CUMHURİYET[1]

Prof. Bülent Nuri Esen

            Türkiye Cumhuriyeti diye yeni bir devletin doğuşunu İstanbul önceleri gereği gibi fark edemedi. Milli Ordu’yu biliyorduk ama, Cumhuriyet’i halife ile karıştırıyorduk.

            7 Mayıs 1924’de “Cumhuriyet” çıkınca düşüncelere aydınlık geldi. 7 Mayıs 1924’ü iyi anımsıyorum. O gün Cumhuriyet’in ilk sayısını aldım.

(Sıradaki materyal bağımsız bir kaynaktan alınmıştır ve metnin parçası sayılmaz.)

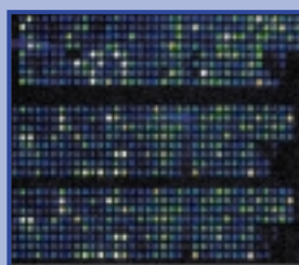
La référence: La puce à ADN sur verre pour l'analyse globale d'un génome (densité typique de 12 000 gènes sur cm 2 ).

Les Puces à ADN portent des sondes génétiques (molécules d'ADN) à leur surface et permettent d'analyser des échantillons biologiques pour le diagnostic génétique et les études des programmations cellulaires (développement, réponses à l'environnement, cancérisation, réponses aux stress, aux drogues...). Sur une seule puce, l'ensemble du génome humain (30 000 gènes) peut être analysé en une étape.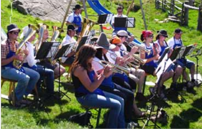
St. Kathrein Böhmische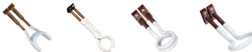
Bobina de perfil "U"

Hem de kendi cep harçlığımla… İşte o gün bu gün “Cumhuriyet” evimizde, elimizdedir.

            Benim için bir okul oldu “Cumhuriyet”, zaman içinde düşünsel tırmanışımın okulu, taşıdığı adın siyasal rejim olarak yükselişine katılmış, Atatürk’ün bizi bırakıp gitmesinden sonra öz anlamını yitirmemesi uğruna savaşmakla kendi düşünce namusunu belirtmiştir. Tıpkı adını taşıdığı toplumsal yaşama biçimi gibi ilerici, akılcı ve laiktir. İnsancıdır, çağdaş uygarlığa açılmamızda etkin yer sahibidir.

            Cumhuriyet, okul ve kürsü kalmasını bilmiştir.

            İnsanların ve düşüncelerin Pazar metaı olmadığını kanıtlamıştır. Belli kişiyi beğense de beğenmese de sayar. Kişilerle düşüncelerini ayırmasını bilir. İnsan haklarının bayrağını inançla taşır. Kamunun haber alma özgürlüğünün kullanılmasına olanak sağlamıştır. Aydının vazgeçemeyeceği bir tiryakilik haline gelmiştir. Getirdiği hizmetlerin sürmesinde yurt içi kazanç var… Yaşamını sürdürmesi gelecek kuşaklara güvenimizi arttırıyor.